> _What is required_
A faithful copy of the data is what is wanted, minus any pictures.

[Records excerpted from a collection]
------------------------------------

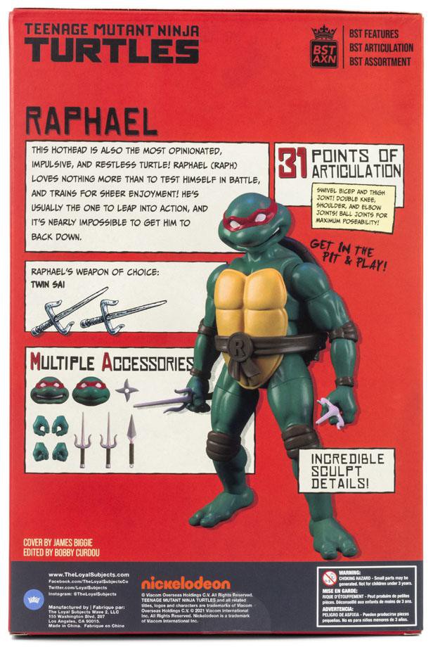 The Loyal Subjects has teamed up with IDW to create a Teenage Mutant Ninja Turtles BST AXN x IDW action figure and comic book bundle! An IDW inspired colorway of all four BST AXN Teenage Mutant Ninja Turtles with an accompanying IDW book (100 pages compiled from four different comics)! Each of the four book covers adorns the portrait of one of the TMNT heroes, and accompanies the correlating BST AXN figure; i.e. Raphael IDW book cover will accompany the Raphael BST AXN figure. All four comic book compilations are different.
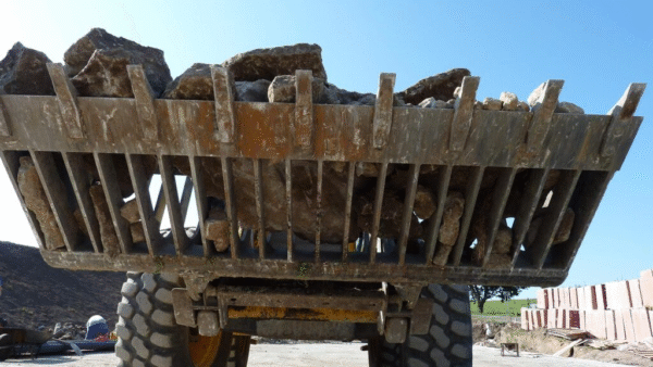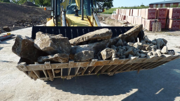 The Grate Shovel is designed for handling and sorting different sized material. It is used in the construction industry to handle and sort building materials of different sizes. It is also useful in agriculture and timber industry to deal with piece material of smaller sizes, e.g. wood.
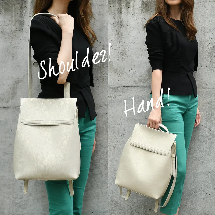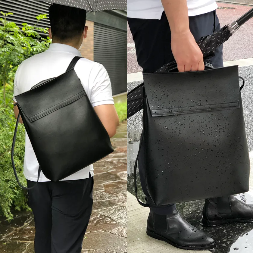 高級車の内装で使用されている高品質な日本製「人工皮革」を使用することにより、軽さと耐久性、耐水性、そしてデザイン性を実現させたユニセックス・リュック。エシカルと実用性を兼ね備えたメイド・イン・ジャパンのバッグは、あらゆるシーンで活躍するベーシックなデザインです。一瞬で簡単にショルダーに変身し、ハンド、斜め掛けなど自由に使えます。ストラップは6段階に長さ調整可能。6つの底鋲がしっかりとバッグを支え、床置きも可能です。
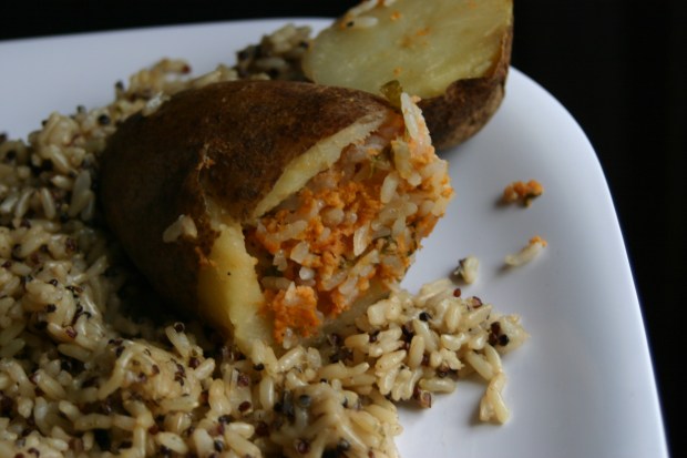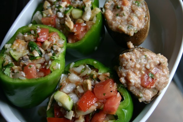 The potatoes weren’t bad, but I think I’d go back to my usual method of stuffing for the potatoes – they need more sauce and cheese. 🙂 The peppers were fantastic though. And for tonight’s meal we ate the leftovers on flat bread. Delicious!
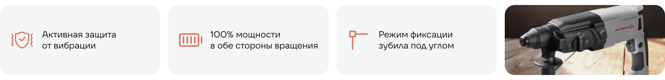 - Три режима - ударно-вращательный (бурение), вращательный (сверление без удара, возможно использование в качестве миксера), ударный (отбойные операции)
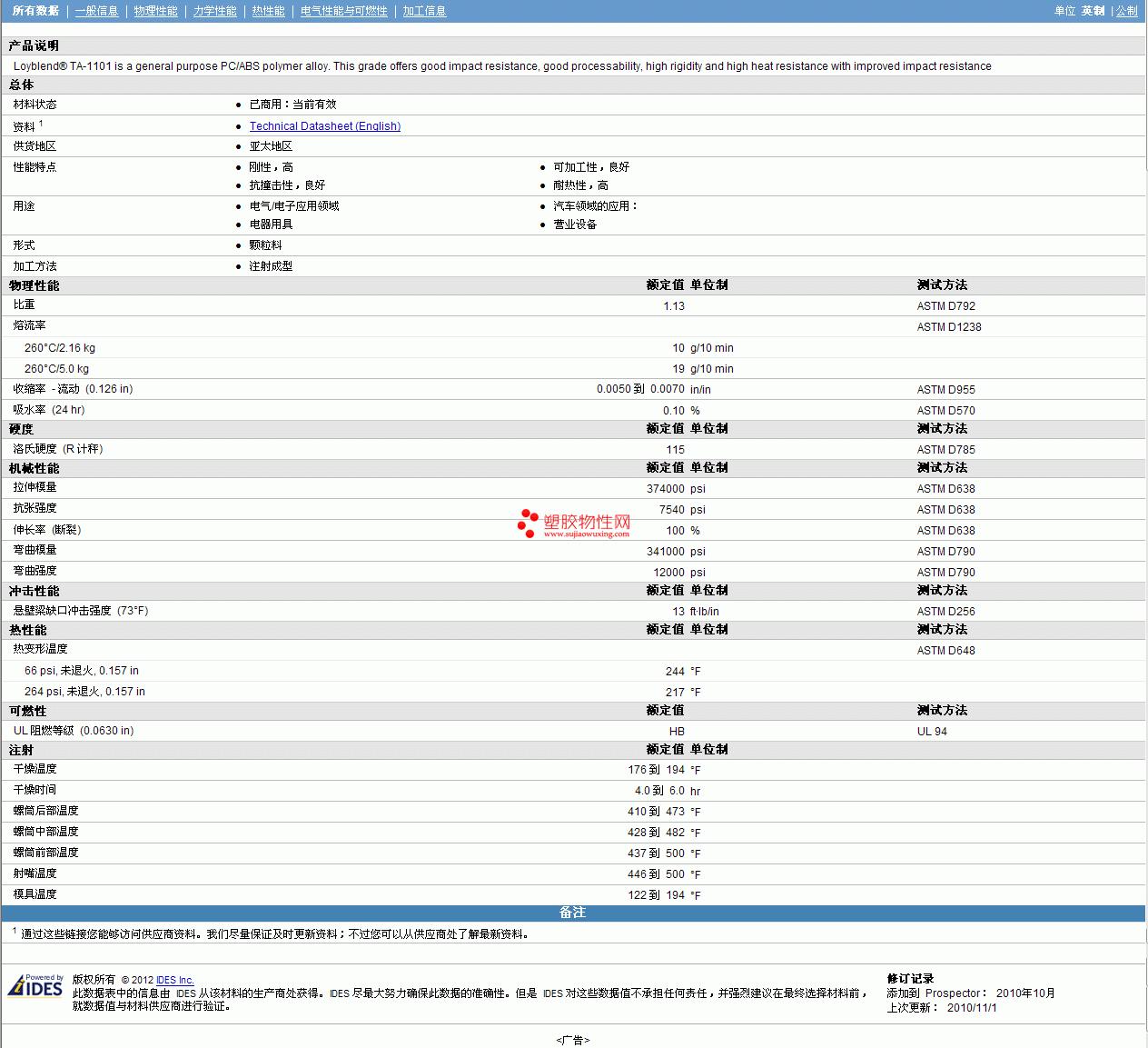 更多Loyblend ABS/PC TA-1101物性表报价,图片、材质证明、UL黄卡、物质安全资料表(MSDS)等可来电咨询赵先生:13424755533 或QQ:27660005
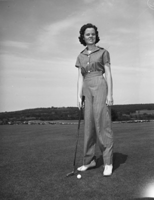 Tarrant County Home Demostration Club cotton style show. Miss Janice Duke, daughter of Mr. and Mrs. T. H. Duke of Everman, modeling a green slack suit for golf. She is standing holding a golf club. Published on May 17, 1940.
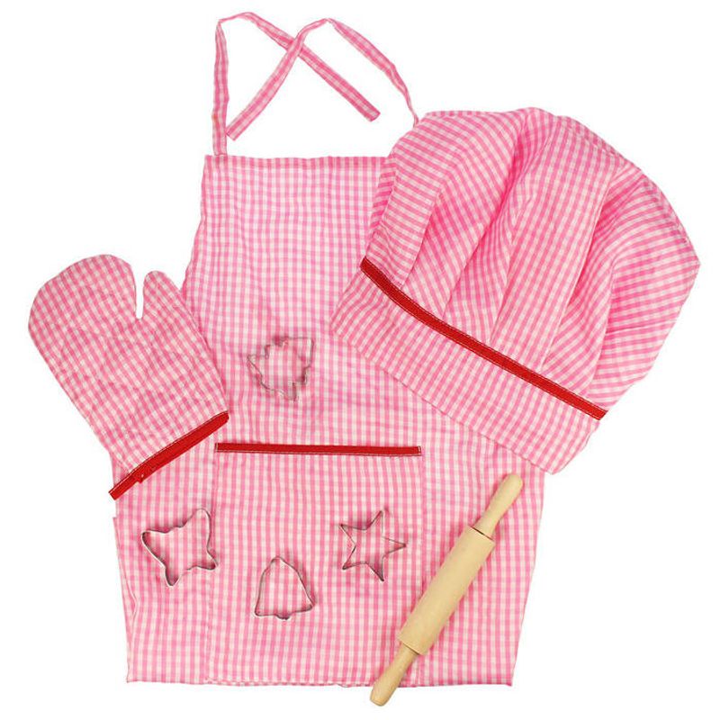 Sortuletul cu patratele boneta de bucatar asortata si manusa de bucatarie le vor incanta cu siguranta pe fetite si vor starni interesul pentru activitatile din bucatarie.
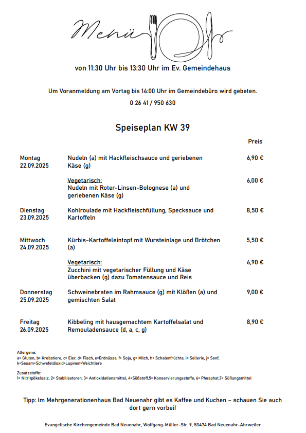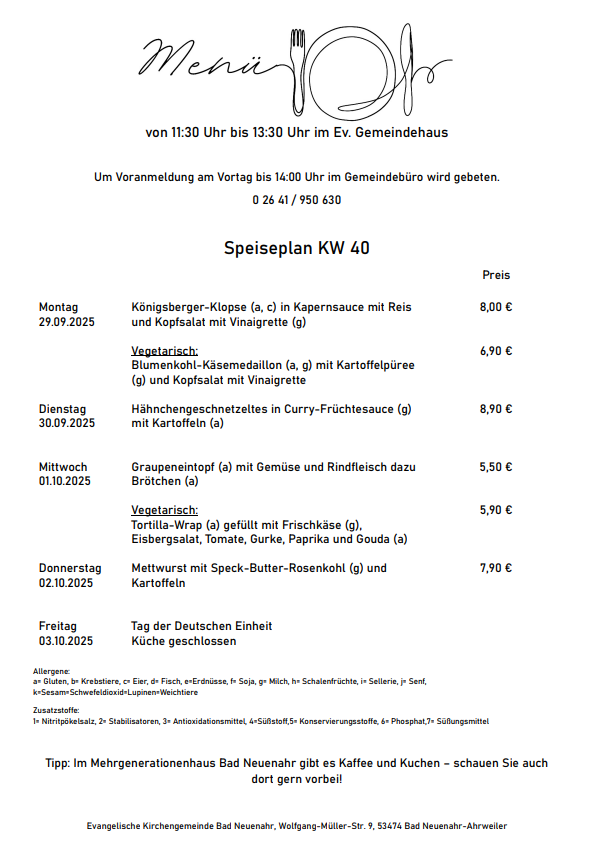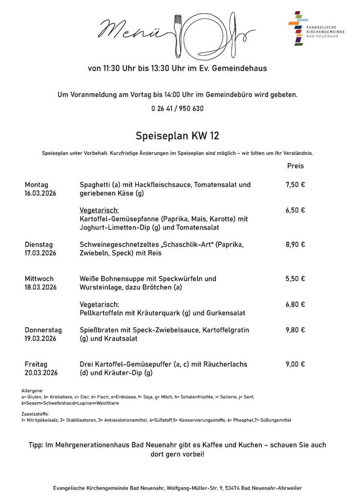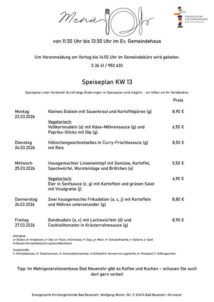 Wir bieten täglich frisch zubereitete, abwechslungsreiche Gerichte zu fairen Preisen. Der aktuelle Speiseplan ist im Gemeindehaus, im „Kerit“ (Second-Hand-Laden und Café), im Gemeindebüro und auf unserer Homepage einsehbar.
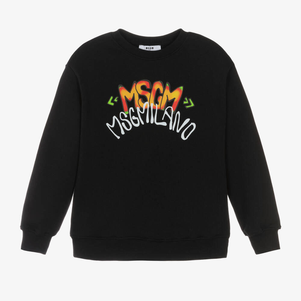A black long-sleeved sweatshirt for boys from MSGM, instantly recognisable with an orange and green logo printed on the front and a white MSGMILANO logo below. With a relaxed fit, the soft, mid-weight cotton fabric and laid-back, dropped shoulders complete this casual, comfortable design.
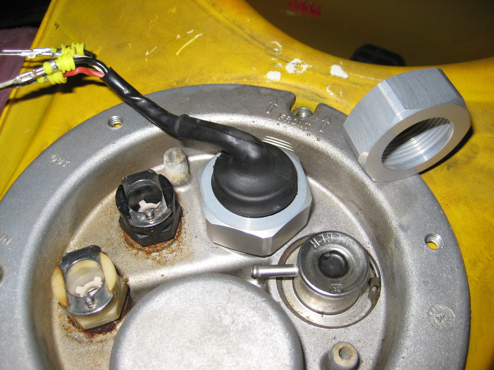 画像はそれを装着したところですが、ナットのみの交換なのでポンプフランジを外す必要がありません。その代わり配線のカプラーを一度分解しないとナットが通らないのですが、これは致し方ないところでしょう。傍らに置いてあるのが部品単体です。造った数が少なく、材料も良い物を使ったので価格はちょっと割高で¥6,300-ですが、部品を丸ごと交換するコストの半値以下ですし、作業の手間も省けます。ご興味のある方はお問い合わせください。
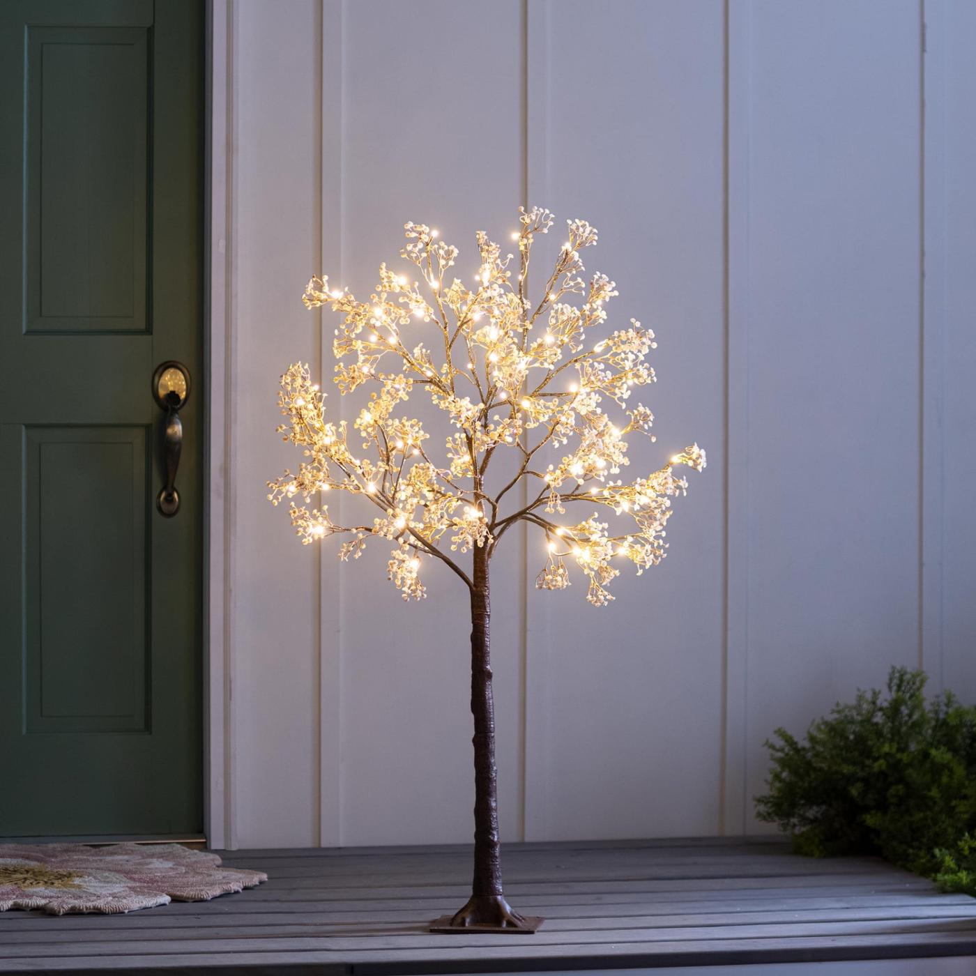 S bujnim čupercima cvijeća baby's breath i 90 mini LED lampica koje sjaje, ovo blistavo 4'H električno osvijetljeno baby's breath drvce za unutarnju/vanjsku upotrebu odiše romantičnim sjajem.
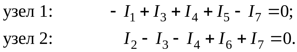 Запишем уравнения по первому закону Кирхгофа, предварительно выбрав направления токов в ветвях:
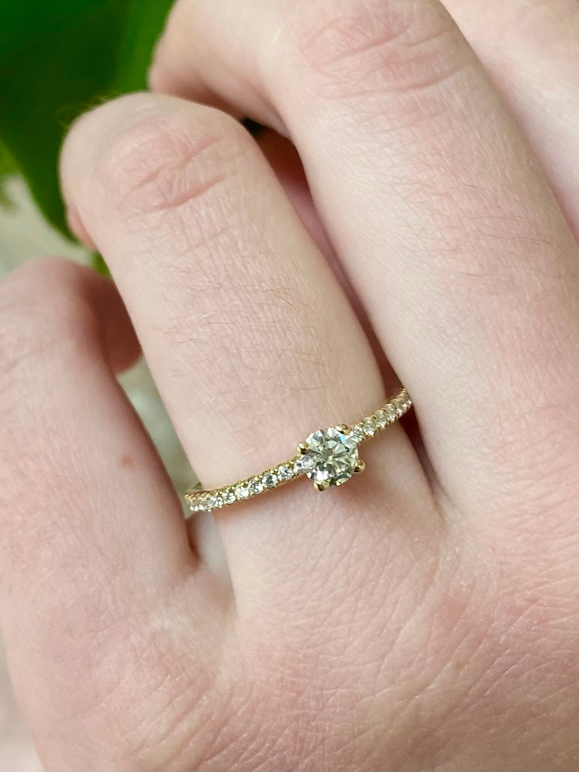 An engagement ring by Canadian designer, sculptor and goldsmith Noam Carver in 14k yellow gold with 23 round cut diamonds with a total carat weight of 0.17cts on the shoulders of the band. The centre diamond is a round cut 0.33ct stone. Shown in here featuring the matching wedding band.
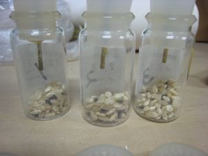 当館でも、これまで年間定期的なくん蒸消毒を実施しています。直近では残暑厳しく害虫の活動も活発な9月初めに今年度2回目の作業を行いました。手法上は「被覆くん蒸法」。ガス化した薬剤を、対象資料を集めシート等で密閉した場所に一定時間封入・浸透させるものです。効果は、ビンに詰めたサンプルのコクゾウムシの死滅確認で判断します。処理後はガスの蒸発拡散が早いため人体への影響はなく、収蔵庫格納等予定する次の作業を円滑に進めることができます。(歴史担当:土井永好)
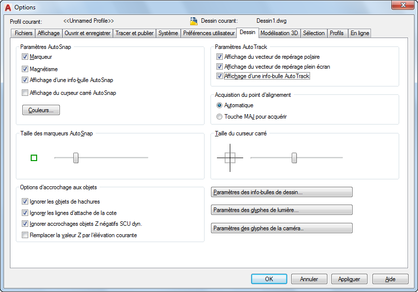 Gère l'affichage du marqueur AutoSnap. Le marqueur est un symbole géométrique qui s'affiche lorsque le réticule est placé sur un point d'accrochage (variable système AUTOSNAP).
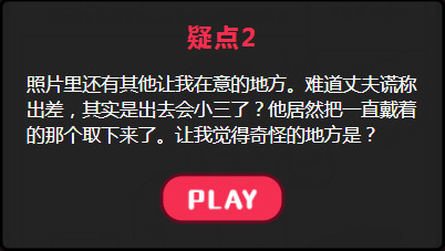 疑点2照片里还有其他让我在意的地方。难道丈夫谎称出差,其实是出去会小三了?他居然把一直戴着的那个取下来了。让我觉得奇怪的地方是?
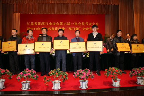 2011年度江蘇省建筑業(yè)“最具成長性”百強(qiáng)企業(yè)代表上臺領(lǐng)獎
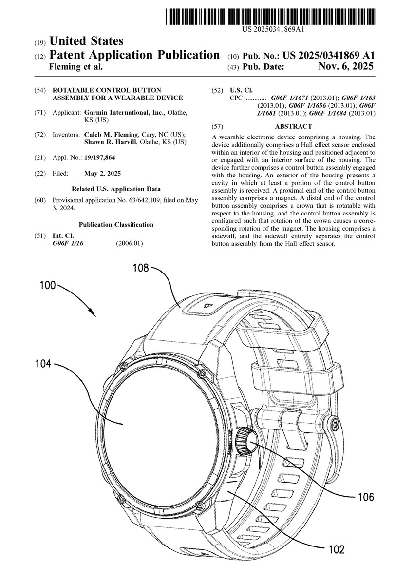 Inledningsvis misstänkte vi att ett nytt patent var källan till Gadgets & Wearables resultat. Tyvärr gav Justia och andra jämförbara webbplatser inga relevanta resultat. Wearable har dock nu upptäckt det patent som verkar understryka mycket av Gadgets & Wearables tidigare påståenden. Inlämnat som "rotatable control button assembly for a wearable device" under patentnumret 20250341869beskriver Garmin kontrollknappen på följande sätt:

------------------------------------

> _Answer for the task_
 The Loyal Subjects has teamed up with IDW to create a Teenage Mutant Ninja Turtles BST AXN x IDW action figure and comic book bundle! An IDW inspired colorway of all four BST AXN Teenage Mutant Ninja Turtles with an accompanying IDW book (100 pages compiled from four different comics)! Each of the four book covers adorns the portrait of one of the TMNT heroes, and accompanies the correlating BST AXN figure; i.e. Raphael IDW book cover will accompany the Raphael BST AXN figure. All four comic book compilations are different.
 The Grate Shovel is designed for handling and sorting different sized material. It is used in the construction industry to handle and sort building materials of different sizes. It is also useful in agriculture and timber industry to deal with piece material of smaller sizes, e.g. wood.
 高級車の内装で使用されている高品質な日本製「人工皮革」を使用することにより、軽さと耐久性、耐水性、そしてデザイン性を実現させたユニセックス・リュック。エシカルと実用性を兼ね備えたメイド・イン・ジャパンのバッグは、あらゆるシーンで活躍するベーシックなデザインです。一瞬で簡単にショルダーに変身し、ハンド、斜め掛けなど自由に使えます。ストラップは6段階に長さ調整可能。6つの底鋲がしっかりとバッグを支え、床置きも可能です。
 The potatoes weren’t bad, but I think I’d go back to my usual method of stuffing for the potatoes – they need more sauce and cheese. 🙂 The peppers were fantastic though. And for tonight’s meal we ate the leftovers on flat bread. Delicious!
 - Три режима - ударно-вращательный (бурение), вращательный (сверление без удара, возможно использование в качестве миксера), ударный (отбойные операции)
 更多Loyblend ABS/PC TA-1101物性表报价,图片、材质证明、UL黄卡、物质安全资料表(MSDS)等可来电咨询赵先生:13424755533 或QQ:27660005
 Tarrant County Home Demostration Club cotton style show. Miss Janice Duke, daughter of Mr. and Mrs. T. H. Duke of Everman, modeling a green slack suit for golf. She is standing holding a golf club. Published on May 17, 1940.
 Sortuletul cu patratele boneta de bucatar asortata si manusa de bucatarie le vor incanta cu siguranta pe fetite si vor starni interesul pentru activitatile din bucatarie.
 Wir bieten täglich frisch zubereitete, abwechslungsreiche Gerichte zu fairen Preisen. Der aktuelle Speiseplan ist im Gemeindehaus, im „Kerit“ (Second-Hand-Laden und Café), im Gemeindebüro und auf unserer Homepage einsehbar.
A black long-sleeved sweatshirt for boys from MSGM, instantly recognisable with an orange and green logo printed on the front and a white MSGMILANO logo below. With a relaxed fit, the soft, mid-weight cotton fabric and laid-back, dropped shoulders complete this casual, comfortable design.
 画像はそれを装着したところですが、ナットのみの交換なのでポンプフランジを外す必要がありません。その代わり配線のカプラーを一度分解しないとナットが通らないのですが、これは致し方ないところでしょう。傍らに置いてあるのが部品単体です。造った数が少なく、材料も良い物を使ったので価格はちょっと割高で¥6,300-ですが、部品を丸ごと交換するコストの半値以下ですし、作業の手間も省けます。ご興味のある方はお問い合わせください。
 S bujnim čupercima cvijeća baby's breath i 90 mini LED lampica koje sjaje, ovo blistavo 4'H električno osvijetljeno baby's breath drvce za unutarnju/vanjsku upotrebu odiše romantičnim sjajem.
 Запишем уравнения по первому закону Кирхгофа, предварительно выбрав направления токов в ветвях:
 An engagement ring by Canadian designer, sculptor and goldsmith Noam Carver in 14k yellow gold with 23 round cut diamonds with a total carat weight of 0.17cts on the shoulders of the band. The centre diamond is a round cut 0.33ct stone. Shown in here featuring the matching wedding band.
 当館でも、これまで年間定期的なくん蒸消毒を実施しています。直近では残暑厳しく害虫の活動も活発な9月初めに今年度2回目の作業を行いました。手法上は「被覆くん蒸法」。ガス化した薬剤を、対象資料を集めシート等で密閉した場所に一定時間封入・浸透させるものです。効果は、ビンに詰めたサンプルのコクゾウムシの死滅確認で判断します。処理後はガスの蒸発拡散が早いため人体への影響はなく、収蔵庫格納等予定する次の作業を円滑に進めることができます。(歴史担当:土井永好)
 Gère l'affichage du marqueur AutoSnap. Le marqueur est un symbole géométrique qui s'affiche lorsque le réticule est placé sur un point d'accrochage (variable système AUTOSNAP).
 疑点2照片里还有其他让我在意的地方。难道丈夫谎称出差,其实是出去会小三了?他居然把一直戴着的那个取下来了。让我觉得奇怪的地方是?
 2011年度江蘇省建筑業(yè)“最具成長性”百強(qiáng)企業(yè)代表上臺領(lǐng)獎
 Inledningsvis misstänkte vi att ett nytt patent var källan till Gadgets & Wearables resultat. Tyvärr gav Justia och andra jämförbara webbplatser inga relevanta resultat. Wearable har dock nu upptäckt det patent som verkar understryka mycket av Gadgets & Wearables tidigare påståenden. Inlämnat som "rotatable control button assembly for a wearable device" under patentnumret 20250341869beskriver Garmin kontrollknappen på följande sätt:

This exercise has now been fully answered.